There are no confessions in this case and there isn’t an overwhelming amount of evidence, Torres Stallings said. With the exception of the eldest child’s testimony, she said the rest of the evidence is circumstantial. She noted that if two reasonable conclusions can be drawn from circumstantial evidence, one pointing to innocence and other to guilt, the jury must choose the one pointing to innocence.
The prosecution built its case on what the Wests’ eldest child said. But there were issues with how the boy and the Wests’ other children were questioned, Torres Stallings said. Hansen, who conducted the initial interviews, had no formal training in questioning children.
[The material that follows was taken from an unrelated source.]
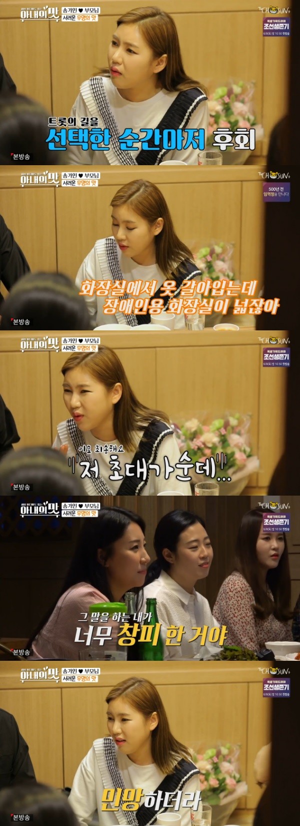 송가인은 무명시절에 고생했던 경험담을 털어놨다. 송가인은 “행사에 갔는데 대기실이 없어서 화장실에서 옷 갈아입었어”라며 “청소하는 아줌마가 하도 안 나오니까 의심을 했나봐”라고 말문을 열었다.

Social worker Sunya Barton, who conducted later interviews, testified she was unaware of suggestibility in children. Torres Stallings said there were “bad questions” that could lead to false allegations. Some involved simple yes or no answers instead of open-ended responses.
In wrapping up her 75-minute testimony, Torres Stallings played audio of a detective telling Jacqueline West everything that will happen to her if she doesn’t tell the truth: her family will disown her, friends abandon her, the other children will be taken away. As the audio played, Torres Stallings showed a video of footage from the Wests’ house with the family gone.
Everything the detective said would happen came to pass, she said. But Trezell and Jacqueline West are still standing by each other, she said, and they know they did nothing wrong.
“There is nothing in this case that points to the unreasonable conclusion that they did anything,” Torres Stallings said.